Gesù è morto sulla croce solo, abbandonato dai discepoli. Al suo fianco non erano crocefissi due suoi fedeli, ma due assassini. Ma sotto la croce c'erano tutti, nemici e credenti, dubbiosi e paurosi, schernitori e sconfitti, e per tutti, per i loro peccati, si è levata la preghiera di perdono di Gesù in quel momento.
L'amore misericordioso di Dio vive in mezzo ai suoi nemici. È un solo Gesù Cristo, quello che ci chiama per grazia alla sequela, e che per grazia salva nell'ultima ora il malfattore crocefisso.
Dove la chiamata alla sequela condurrà coloro che la accolgono? Che decisioni e divisioni ne conseguiranno?
Gesù Cristo è il solo a sapere dove porti la via.
Ma noi sappiamo con la massima certezza che sarà una via di misericordia al di là di ogni misura. La sequela è gioia.

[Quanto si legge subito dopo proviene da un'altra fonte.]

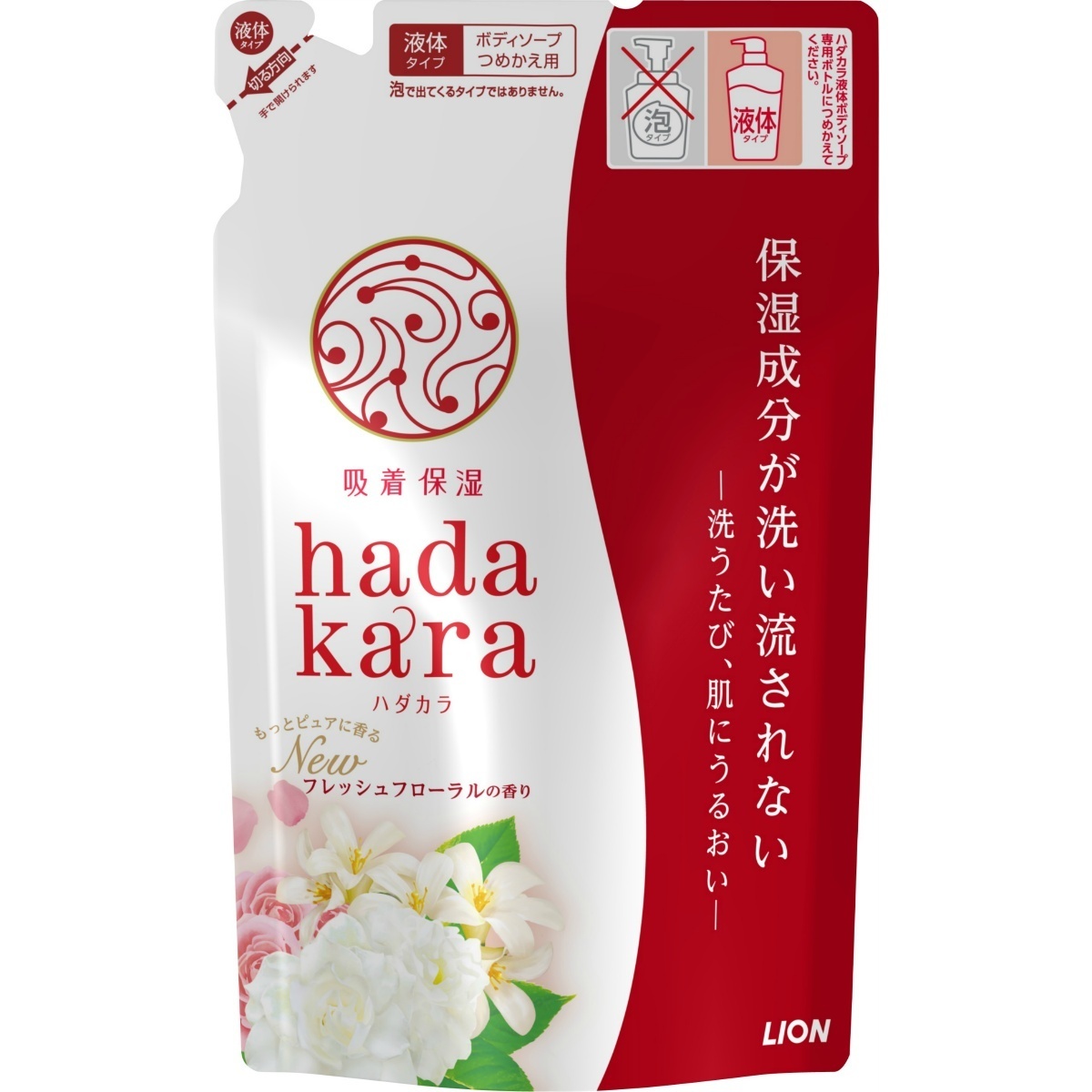 Lion Увлажняющее жидкое мыло Lion Hadakara для тела с ароматом изысканного цветочного букета, мягкая упаковка, 360 мл

Oggi sembra molto difficile percorrere in totale convinzione la via stretta della decisione della chiesa, senza allontanarsi però da tutta l'ampiezza dell'amore di Cristo per tutti gli uomini, dalla pazienza, dalla misericordia, dalla "filantropia" di Dio (Tt 3,4) nei confronti di chi è debole o lontano da Dio; ma nonostante tutto le due cose devono poter convivere, se non vogliamo imboccare vie solo umane.
"Venite a me voi tutti che siete affaticati e oppressi, e io vi darò ristoro. Prendete su di voi il mio giogo e imparare da me, perché sono mite e umile di cuore; troverete ristoro per le anime vostre. Perché il mio giogo è soave e il mio peso leggero" (Mt 11,28 ss)».